INFORMATION PROVIDED section start

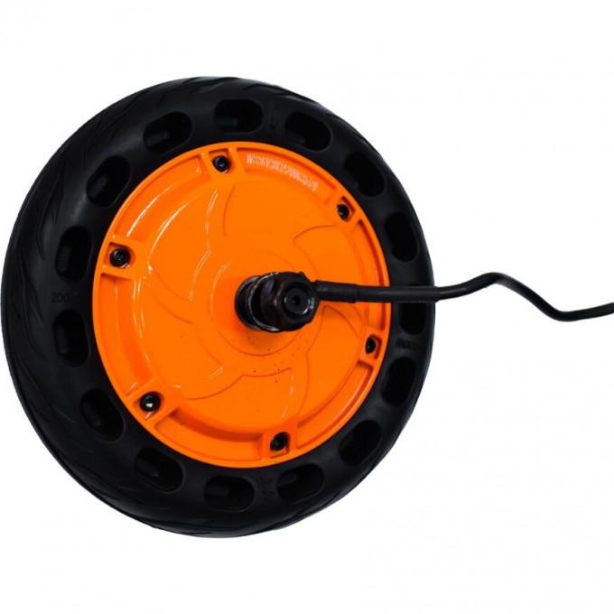 Основа колеса имеет встроенный мотор со всеми необходимыми элементами для его подключения и управления. Шина изготовлена из долговечной резины с ребристой поверхностью, которая обеспечивает хорошее сцепление с поверхностью. Это позволяет ездить по асфальтовой или грунтовой дороге.
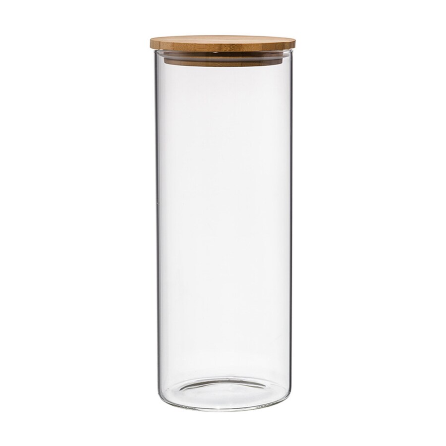 Frasco de cozinha em borossilicato com tampa de madeira de encaixe, concebido para armazenar ingredientes de forma organizada e mantê-los em condições higiénicas.
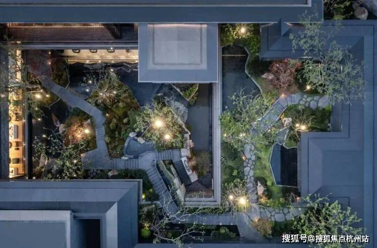 通过下沉会所庭院,将传统平面绿化转化为垂直的多层次园林空间,打造出了当代立体山体水景观,身处其中在步履起承转合间,串联起一幕幕诗画风景。
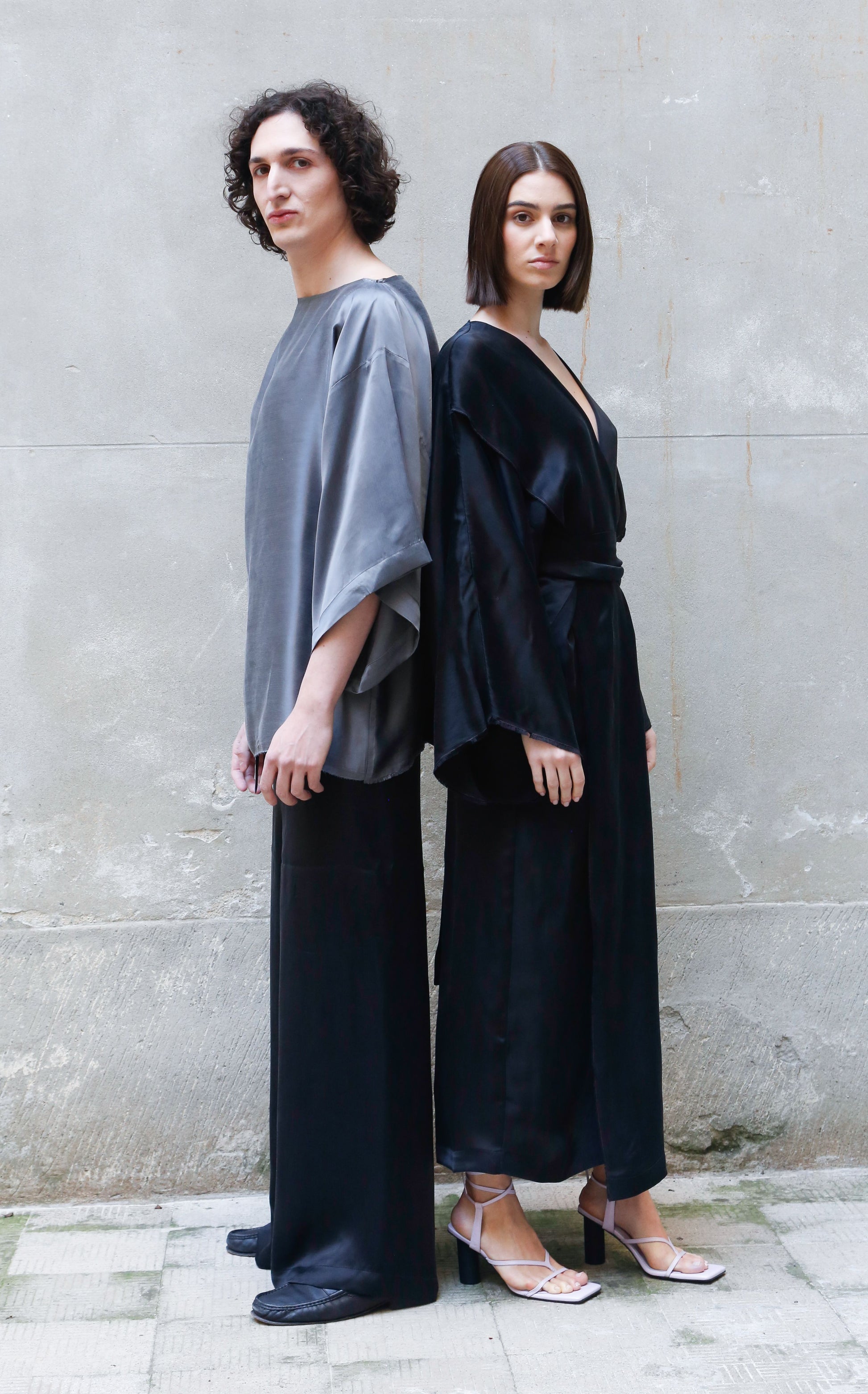 The pattern is developed based on a zero-waste technique that eliminates textile waste at the design stage, specialty of ZEROBARRACENTO.
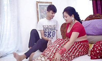 Stepson in bed with buxomy step-mother. She thinks it's her husband at first. He fondled and fucked her
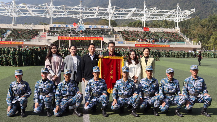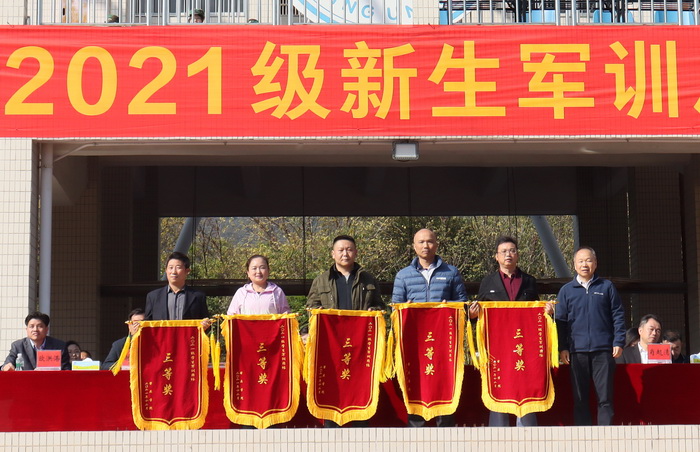 2021年12月14日,我院2021级630多名新生经过13天军训训练,顺利完成军训任务,14日上午在第二运动场举行新生军训工作检阅仪式和军训表彰总结大会。经过教官连长、新生班主任指导员老师、带班党员和全体21级新生们的共同努力,参加连队分列式检阅汇演和优秀宿舍内务评比等综合表现,我院荣获2021级军训工作团体三等奖。

INFORMATION PROVIDED section end

→ ACTIVITY
Please restate word for word the lines above, starting with the line that holds "通过下沉会所庭院,将传统平面" and ending with the final line of the records, while leaving out pictures.

→ ANSWER SECTION
 通过下沉会所庭院,将传统平面绿化转化为垂直的多层次园林空间,打造出了当代立体山体水景观,身处其中在步履起承转合间,串联起一幕幕诗画风景。
 The pattern is developed based on a zero-waste technique that eliminates textile waste at the design stage, specialty of ZEROBARRACENTO.
 Stepson in bed with buxomy step-mother. She thinks it's her husband at first. He fondled and fucked her
 2021年12月14日,我院2021级630多名新生经过13天军训训练,顺利完成军训任务,14日上午在第二运动场举行新生军训工作检阅仪式和军训表彰总结大会。经过教官连长、新生班主任指导员老师、带班党员和全体21级新生们的共同努力,参加连队分列式检阅汇演和优秀宿舍内务评比等综合表现,我院荣获2021级军训工作团体三等奖。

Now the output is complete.